Low self-esteem is often linked with feeling incompetent or inadequate. When we feel like we aren’t able to accomplish much we often lose motivation to do the things that are important to us. For example, applying for jobs, going to the gym, or finishing a degree, may be a struggle when our lack of self-esteem gets in the way. If you believe that you or somebody else is struggling with low self-esteem, the following tips may help you move away from feelings of inadequacy and closer towards self-confidence and self-love.
Have you ever felt upset when your vision of something didn’t go as planned? Not getting an A on an exam or struggling to finish a paper overnight might bring you down. It might help to learn that often, when we don’t manage the tasks that we thought we could, chances are that we had unrealistic expectations of ourselves. Having unrealistic expectations threatens our self-esteem because whenever we don’t accomplish something we feel let down. In the future, remember to make your goals small, realistic, and measurable so that you can feel good about yourself once you accomplish them.
Perhaps some of you may be asking yourself “How can I associate mistakes with kindness?” You may have been brought up to believe that mistakes are “bad” and that they should not happen. The truth is, making mistakes is something that we all have in common. Mistakes actually help us excel in life because often, we learn from them. Mistakes help us realize that there are areas for improvement, and so, in a strange way, we can be thankful for them because without mistakes, it’s harder to experience change and growth. Therefore, rather than beating yourself up with negative self-talk when making a mistake, you could be kind yourself by asking “What have I learned from this?” or “What has this experience taught me?”” Initially, you may struggle to view your mistakes through a positive lens but with practice, you may realize that the more you perceive your mistakes as an opportunity for growth, the less likely you are to judge yourself, which in turn, boosts your self-esteem.

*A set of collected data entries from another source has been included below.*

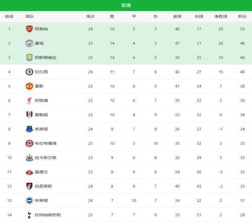 随着切尔西32逆转+阿森纳40!英超最新积分榜:曼联被挤出前四
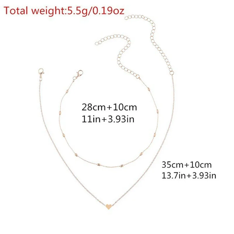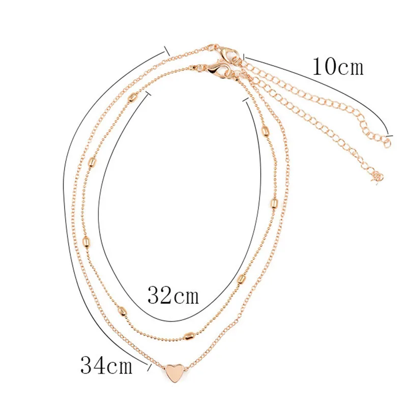 Multi-layer Beads Heart Nacklace Pendant For Women Silver/Gold Color Choker Necklace Crystal Women Jewelry
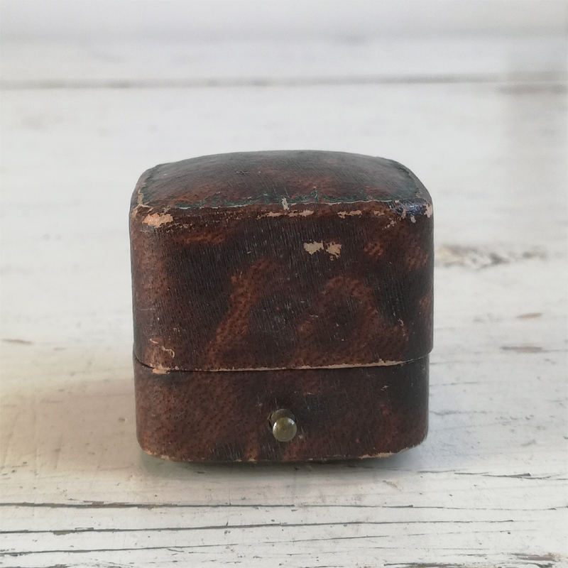 リングを収めるクッションはベージュのベルベットで若干変色があったり、表面のフェイクレザーにちらほら擦れや剥がれがありますが全体的に良いアンティークコンディションです。
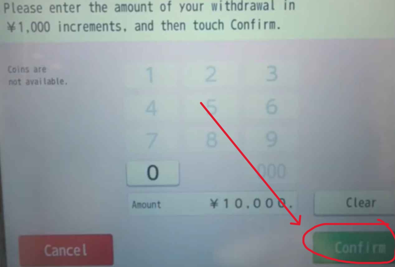 実際にイオン銀行ATMで現金を引き出す際の手順です。画面が英語表記(Overseas)になることが多いので、以下の流れを参考にしてください。
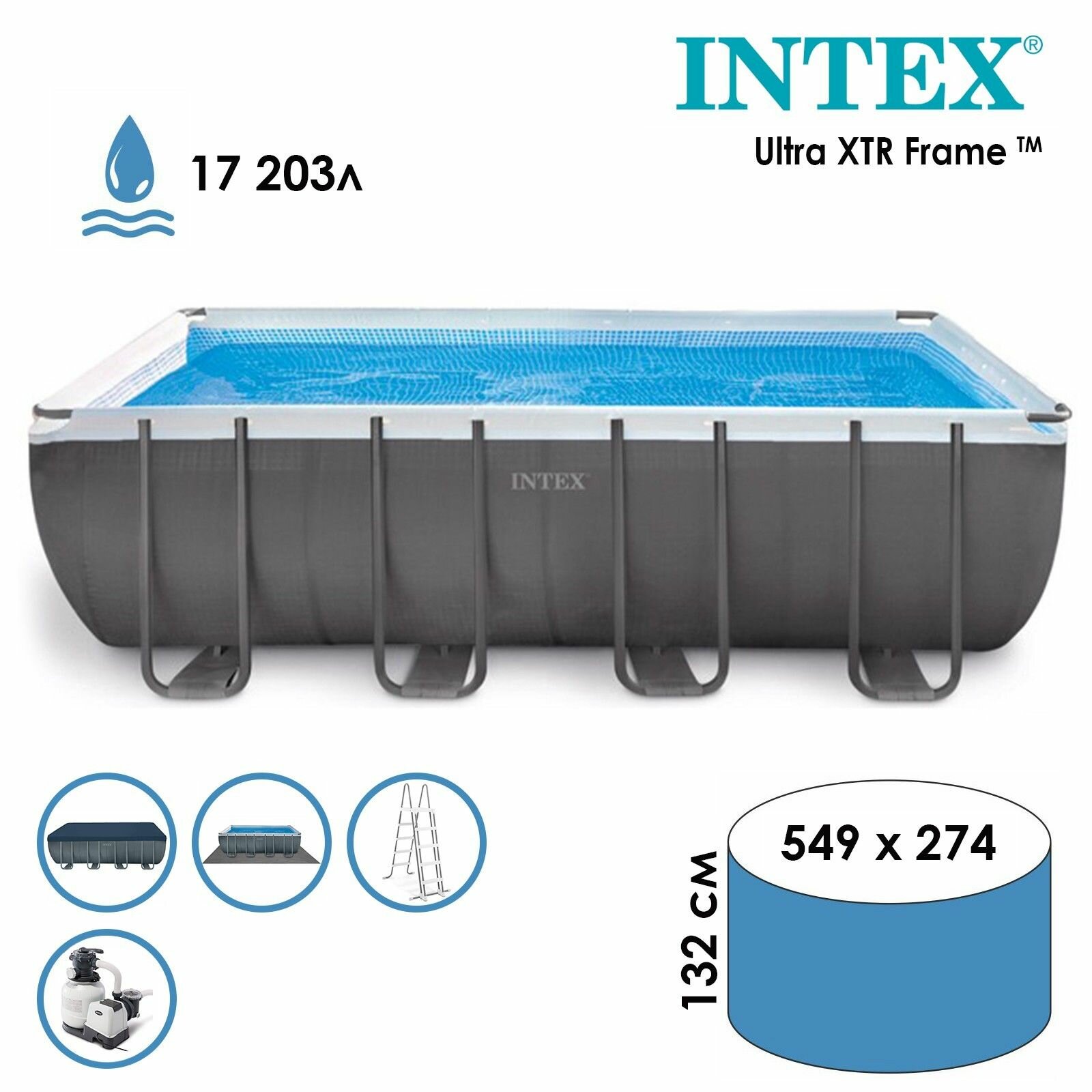 INTEX Прямоугольный каркасный бассейн 26356 Intex Ultra XTR Frame 549*274*132 см, песочный фильтр-насос, аксессуары 26356
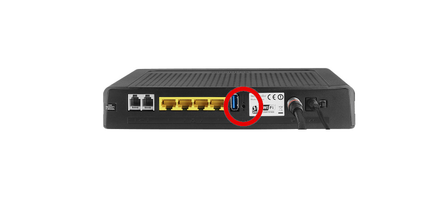 DC Eingang 12V/ 1.5A Kabeleingang: 1xCoaxial Kabelverbindung USB-Eingang: 1× 2.0 USB Verbindung Telefon-Buchsen: 2xRJ11 Ethernet Buchsen : 4xRJ-45 |
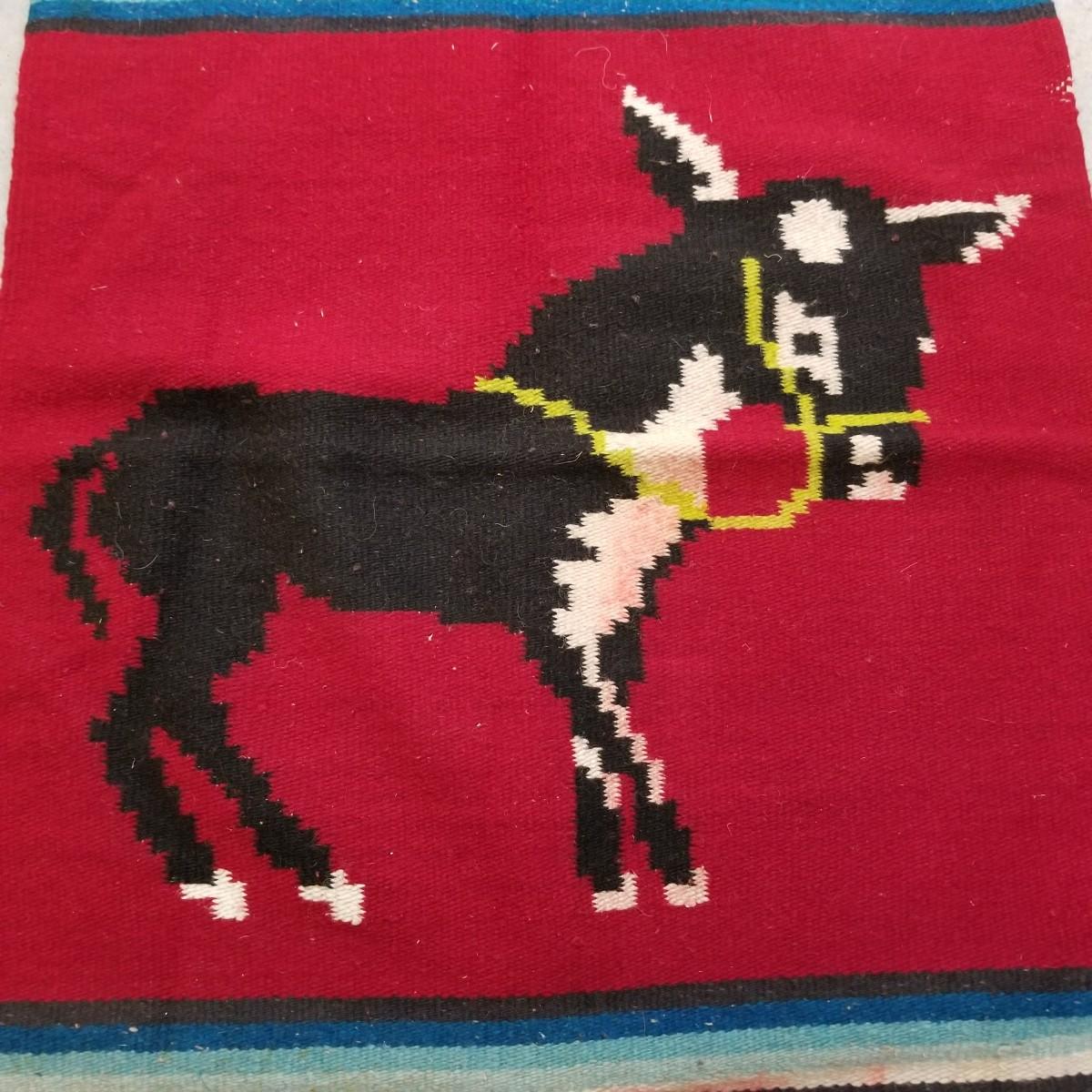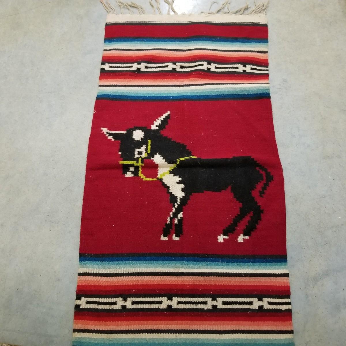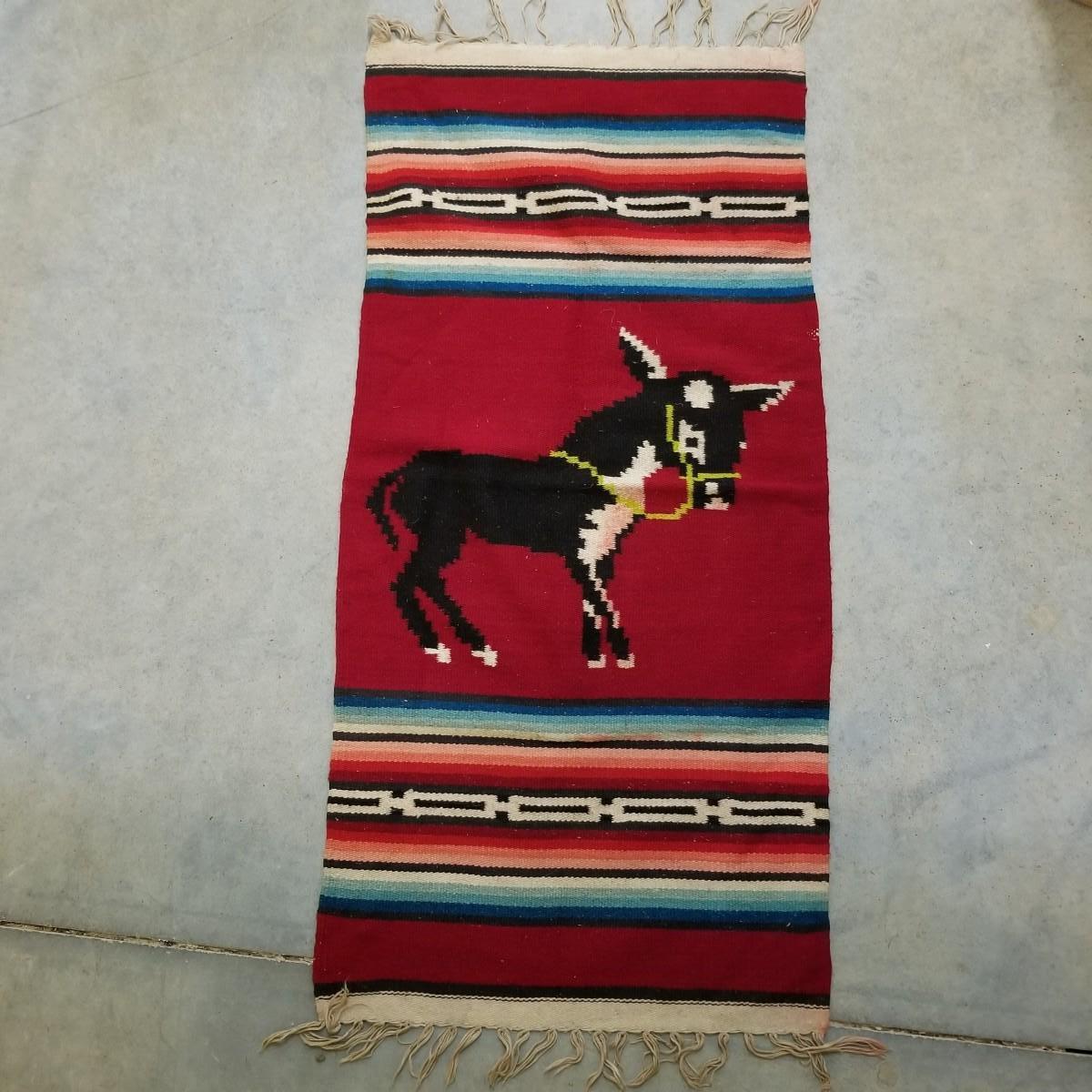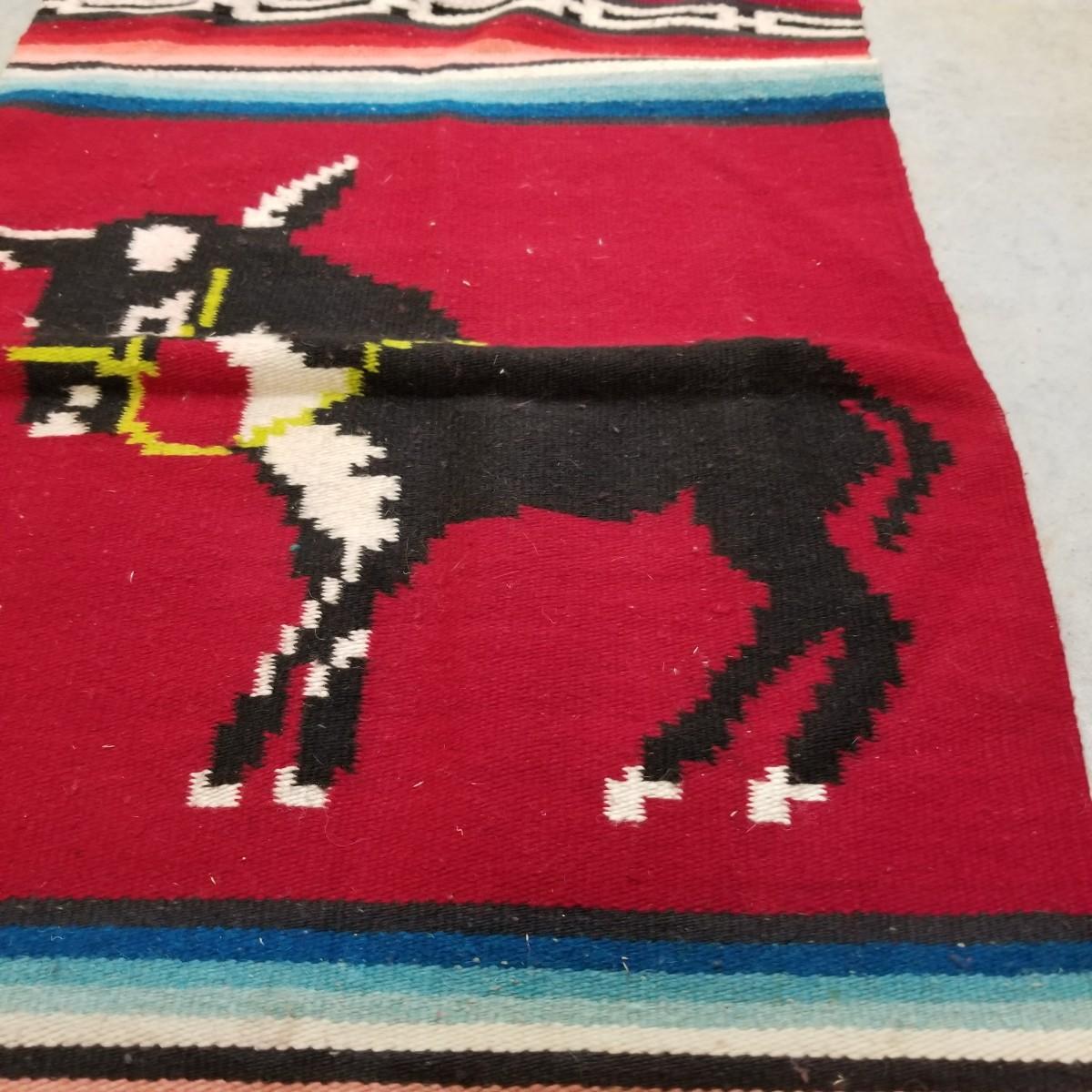 A whimsical donkey on a red background, this woven wool rug is 21"x51" with fringed ends. Some minor discoloration.  See photos for detail.  Shipping available.

The way we view ourselves is largely linked to our social environment. When friends appreciate our good qualities and enjoy spending time with us, we feel good about ourselves. Sometimes our friends help us see positive qualities that would have gone unnoticed without them. Good social company can be very therapeutic due to viewing ourselves through a more accurate lens. Often people with low self-esteem have a distorted self-image by noticing only areas for improvement. Their strengths go unnoticed. With the right type of crowd they may acknowledge their strengths, which is largely responsible for boosting self-esteem and self-worth.